Personal information
- Full name: Juvenal Mario Olmos Rojas
- Date of birth: October 4, 1962 (age 63)
- Place of birth: Santiago, Chile
- Position: Midfielder

Youth career
- Universidad Católica

Senior career*
- Years: Team / Apps / (Gls)
- 1981–1984: Universidad Católica / 8 / (2)
- 1985–1986: KSV Waregem / 5 / (0)
- 1986–1989: Universidad Católica
- 1989–1990: Irapuato
- 1991: Deportes Antofagasta
- 1992–1993: O'Higgins
- 1994–1995: Universidad Católica

International career
- 1989: Chile / 10 / (2)

Managerial career
- Universidad Católica (youth)
- 1999–2001: Unión Española
- 2001–2002: Universidad Católica
- 2003–2005: Chile
- 2004: Chile U23
- 2005: Newell's Old Boys
- 2006–2007: Everton
- 2018: Veracruz
- 2026–: Lautaro de Buin (sport manager)

= Juvenal Olmos =

Chilean football manager (born 1962)

Juvenal Mario Olmos Rojas (born October 4, 1962) is a Chilean football manager and former player.

==Playing career==
Olmos was born in Santiago de Chile. At Universidad Católica, he had as teammates Pablo Yoma, Marco Cornez, Miguel Ángel Neira, Mario Lepe, Raimundo Tupper, Luka Tudor and Osvaldo Hurtado.

==Managerial career==
His management of the Chile national team was unsuccessful, as they failed to get past the first round in Copa América 2004 and he was later fired, five games before the end of the qualifying round for the 2006 FIFA World Cup.

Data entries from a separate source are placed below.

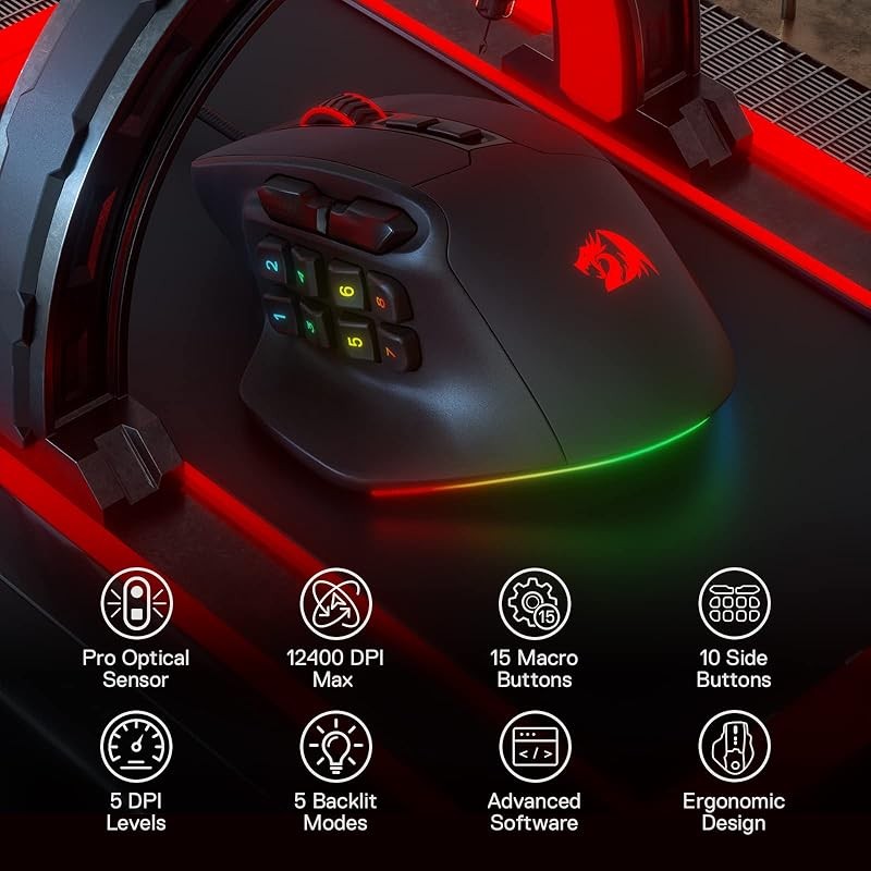 Redragon M811 Aatrox MMO Gaming Mouse 15 Buttons Wired RGB Ergonomic【Direct from Japan】
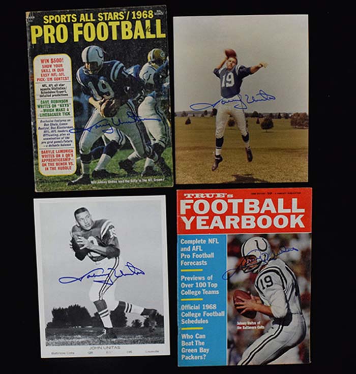 Description:Lot of (2) Johnny Unitas signed vintage publications and (2) signed photographs (VG/EX-NM). Incl. 1968 True's Football Yearbook signed by Johnny Unitas (EX/MT, Unitas is pictured on the cover); Sports All Stars 1968 Pro Football signed by Johnny Unitas (VG/EX, Unitas is pictured on the cover); and (2) different 8"x10" photos both signed by Unitas. Signatures rate 8/9 to 10 out of 10: VG/EX-NM
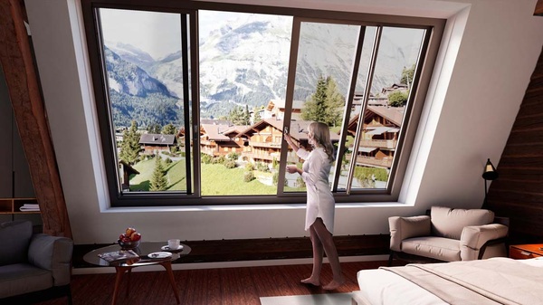 Großformatige Fensteranlagen lassen einen Raum am Tag mit Sonnenlicht durchfluten und eröffnen in den Abendstunden einen Blick in den Sternenhimmel. Vor allem im Dachgeschoss könnten Dachfenster durch die hohe Lage und schräge Ausrichtung dem Zimmer direkt unter dem oberen Hausabschluss eine besondere Atmosphäre verleihen.
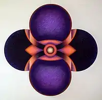 The inspiration for Mahirwan Mamtani's conception of "Centrovision" is derived from the manifestation of tantric doctrines. Emanating from the centre toward the outside, his forms are akin to the mandala concept, the visual manifestation of which are based on the axiom of microcosm versus macrocosm. The feeling of procreation is evoked by the rhythmical arrangement of symmetrical, curvilinear organic forms, the roots of which could be traced in the form of the female, the symbol of Shakti, the supreme cosmic energy. Instead of having a flux of light, the paintings are permeated with the whispering tonal values achieved through the integration of colour hues with soft light which becomes the essential ingredient for the modulation of pulsating circular forms.

In June 2026, Olmos assumed as sport manager of Lautaro de Buin.

==Media career==
In 2006, Olmos competed and won the Chilean talent show El Baile en TVN (The Dance on TVN).

Olmos was a candidate to deputy for District 24 (La Reina and Peñalolén) in the 2009 Chilean parliamentary election as a member of National Renewal. In 2021, he was elected councillor for La Reina commune.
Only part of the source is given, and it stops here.